Data section:
───

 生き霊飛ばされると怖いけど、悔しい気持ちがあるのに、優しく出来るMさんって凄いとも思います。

───

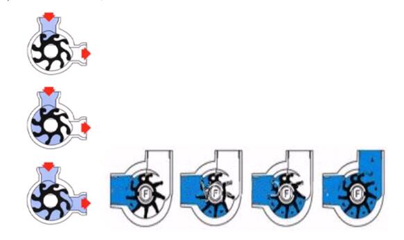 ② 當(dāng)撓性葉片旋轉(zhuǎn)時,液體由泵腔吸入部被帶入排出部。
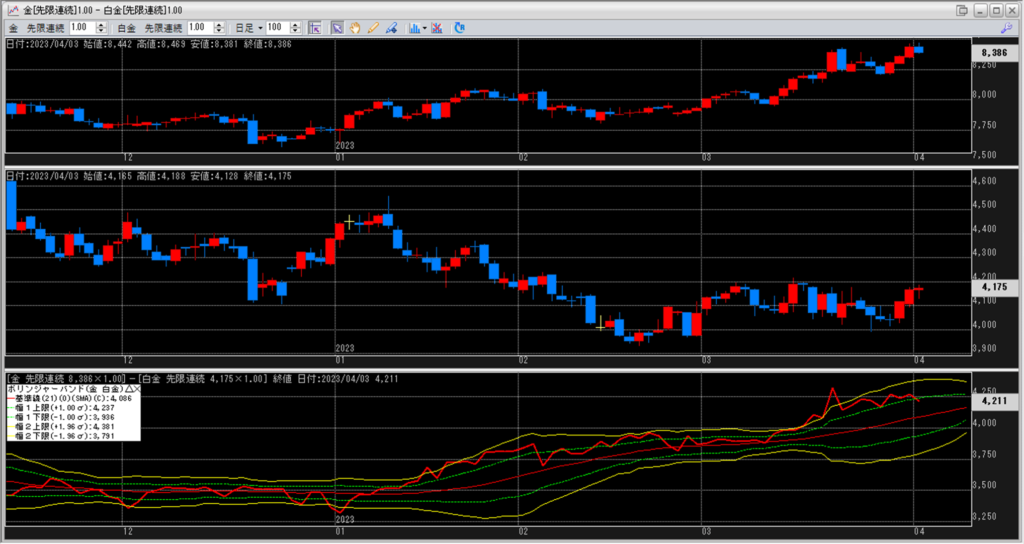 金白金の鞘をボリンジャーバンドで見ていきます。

───

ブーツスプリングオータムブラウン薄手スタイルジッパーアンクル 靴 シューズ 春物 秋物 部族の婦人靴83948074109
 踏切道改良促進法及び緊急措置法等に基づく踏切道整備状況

───

What is required: Exact copy, pictures excluded: every line above from the one containing "② 當(dāng)撓性葉片旋轉(zhuǎn)時,液體由泵腔吸入部被帶入排出部。" to the one containing "金白金の鞘をボリンジャーバンドで見ていきます。", inclusive, and nothing more.

Output for this task:
 ② 當(dāng)撓性葉片旋轉(zhuǎn)時,液體由泵腔吸入部被帶入排出部。
 金白金の鞘をボリンジャーバンドで見ていきます。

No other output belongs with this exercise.